Familial isolated primary hyperparathyroidism with double adenoma.

South Med J

Division of Endocrine and Oncological Surgery, Department of Surgery, Tulane University School of Medicine, and Tulane University Hospital, New Orleans, LA, USA.

Published: March 2010

AI Article Synopsis

  • Familial hyperparathyroidism encompasses multiple endocrine neoplasia types 1 and 2A, as well as familial isolated primary hyperparathyroidism, which is a rare variety often caused by four-gland hyperplasia or a single-gland adenoma.
  • A successful case is described involving a 24-year-old woman treated for familial isolated primary hyperparathyroidism through the resection of a double adenoma, facilitated by intraoperative parathyroid hormone (PTH) monitoring.
  • Double adenoma should be included in the differential diagnosis for familial isolated primary hyperparathyroidism, and the use of intraoperative PTH levels combined with minimal-access surgery shows potential in treatment.

Article Abstract

Familial hyperparathyroidism includes the diagnoses of multiple endocrine neoplasia type 1, type 2A, and familial isolated primary hyperparathyroidism. Familial isolated primary hyperparathyroidism is a rare, distinct form of familial primary hyperparathyroidism, mainly due to four-gland hyperplasia or single-gland adenoma.
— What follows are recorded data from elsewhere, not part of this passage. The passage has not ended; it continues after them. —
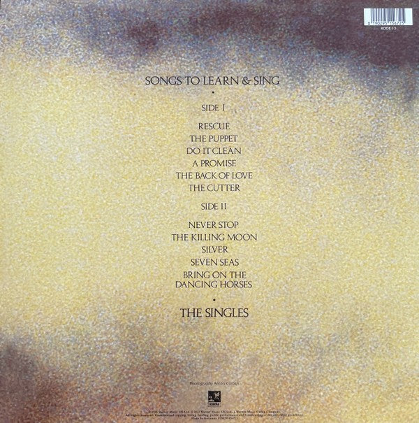 Dive into the post-punk brilliance of Echo & The Bunnymen with 'Songs To Learn & Sing'. This compilation album features their iconic hits like 'The Killing Moon' and 'Bring On The Dancing Horses'. Pressed on high-quality vinyl, it delivers an immersive listening experience that captures the band's signature sound and emotional depth. Perfect for collectors and fans, this album is a must-have that celebrates Echo & The Bunnymen's lasting influence and musical artistry.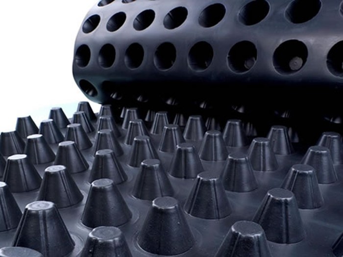 防排水保護板都有的凹凸式中空立筋結(jié)構(gòu),可以快速有效導(dǎo)出雨水,大大減少甚消除防水層的靜水壓,通過這種主動導(dǎo)水原理可以達到主動防水的效果。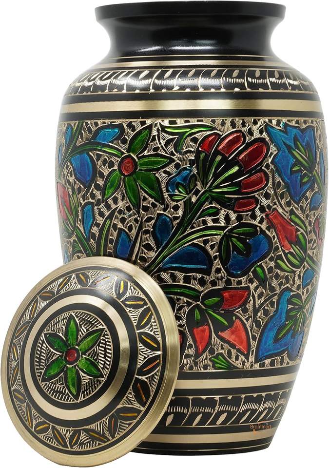 โกศทองเหลืองสำหรับขี้เถ้ามนุษย์ขนาดผู้ใหญ่งานแกะสลักศพโกศใส่ถุงกำมะหยี่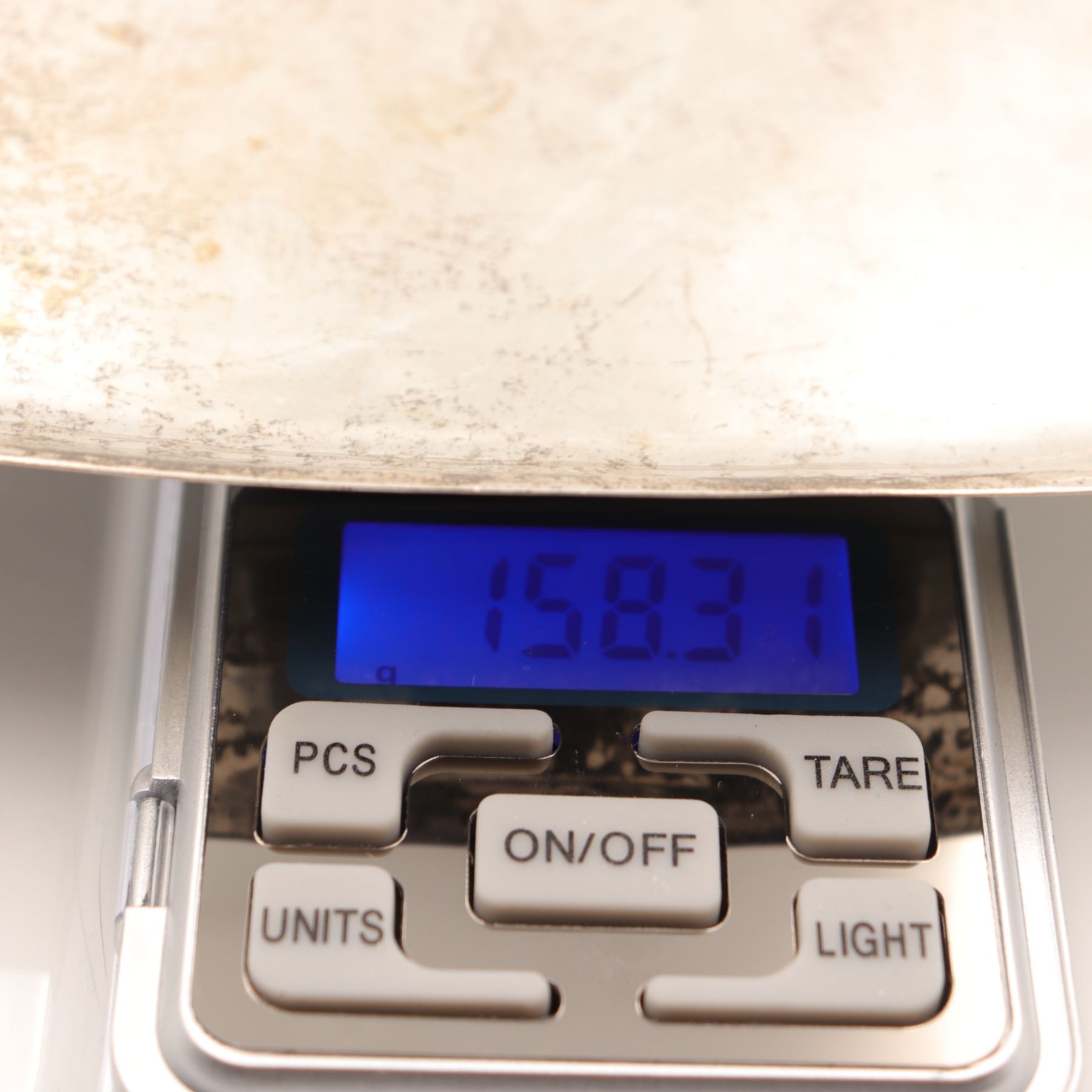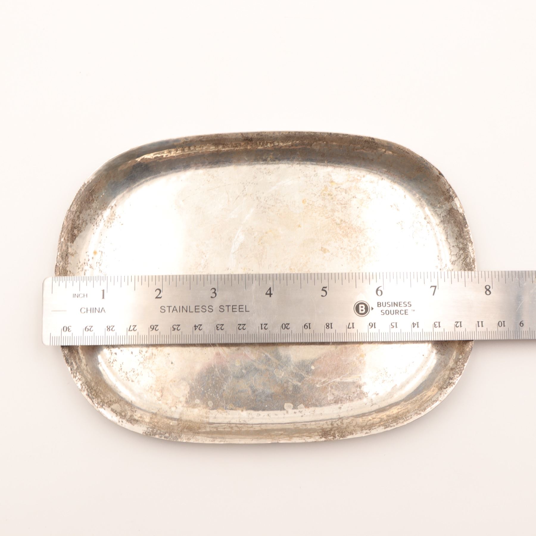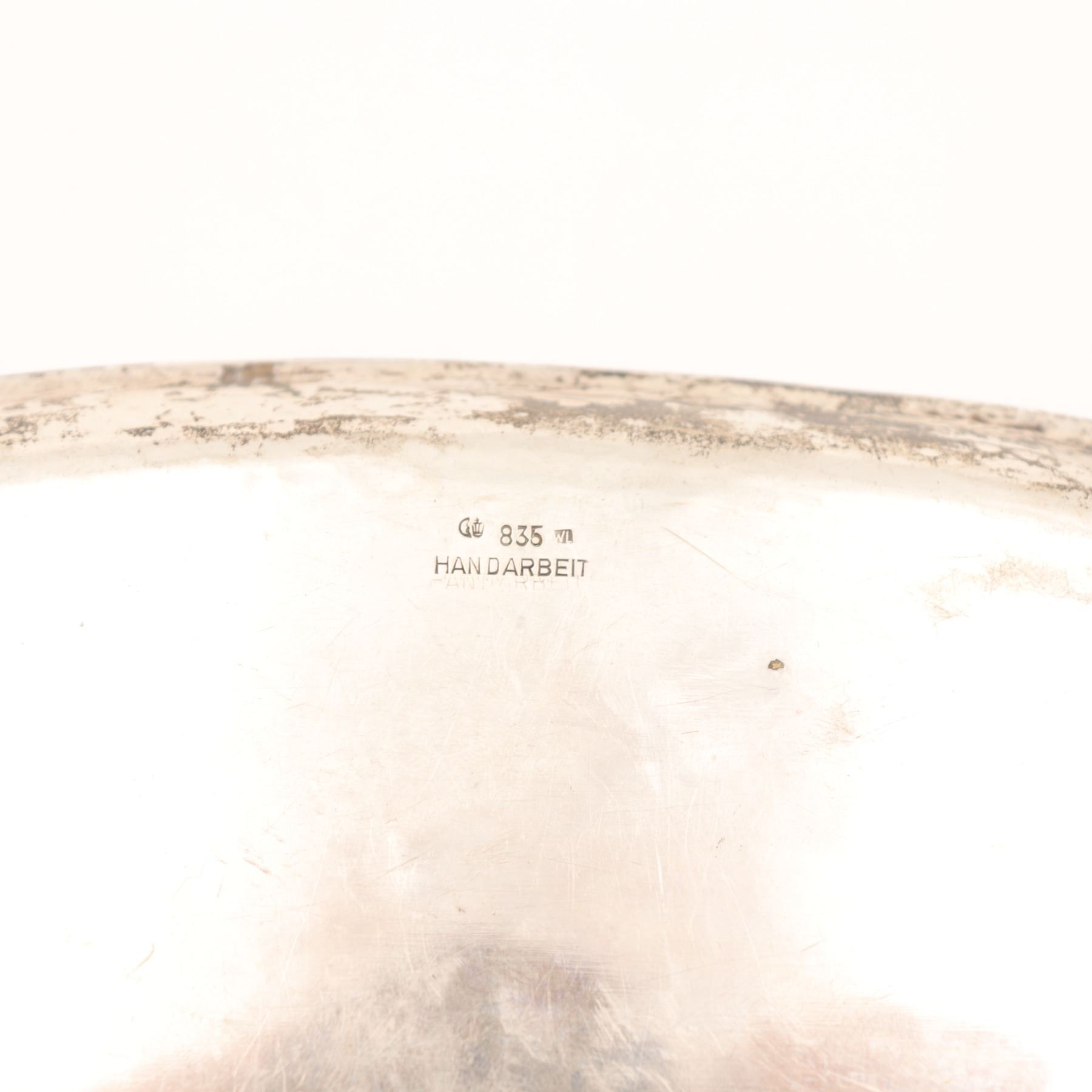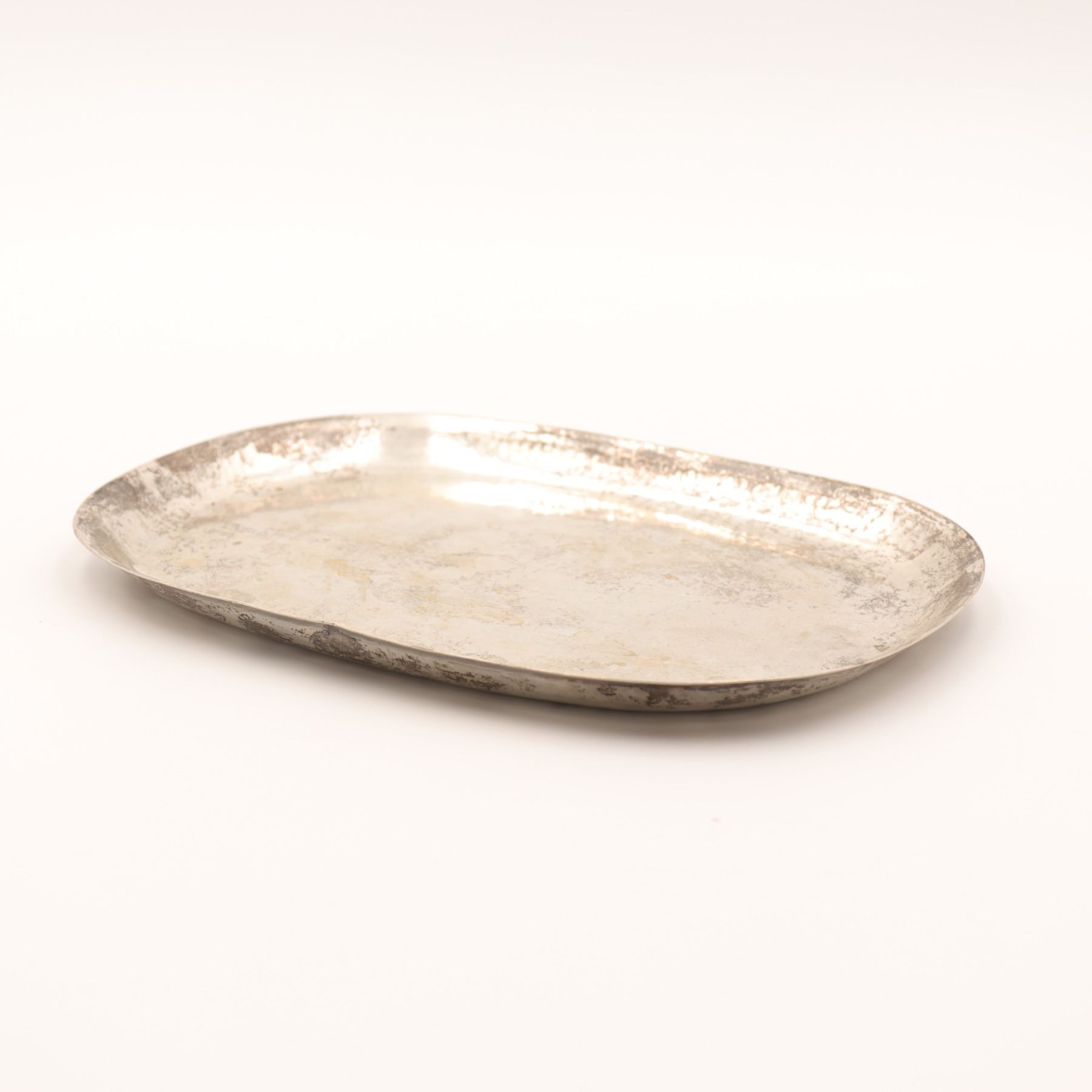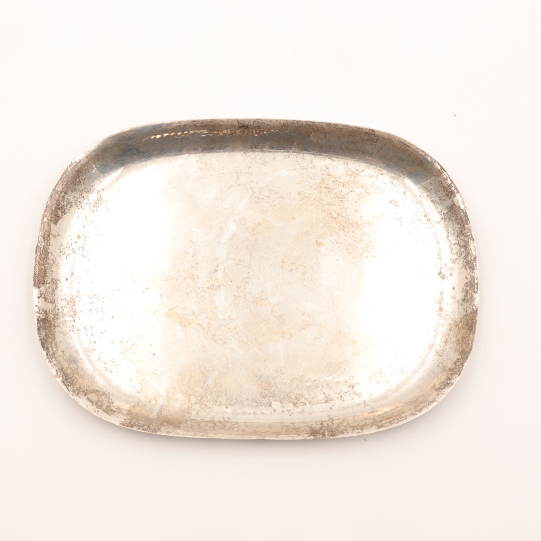 Small German 835 silver tray of rounded rectangular form with shallow well and gently raised rim, stamped 835 and HANDARBEIT. Plain, restrained design with hand-worked character, suitable as a vide-poche, calling card tray, or small desk accessory. 20th century. Presents with honest age and use, including overall tarnish, surface scratching, and patchy oxidation to the border and well.

We describe our success in treating a 24-year-old woman with familial isolated primary hyperparathyroidism with resection of double adenoma, using the guide of intraoperative parathyroid hormone (PTH) monitoring. Familial isolated primary hyperparathyroidism usually presents with four-gland hyperplasia or single-gland adenoma. However, double adenoma should be considered in the differential diagnosis. Using intraoperative parathyroid hormone levels and minimal-access surgery in familial isolated primary hyperparathyroidism may be promising.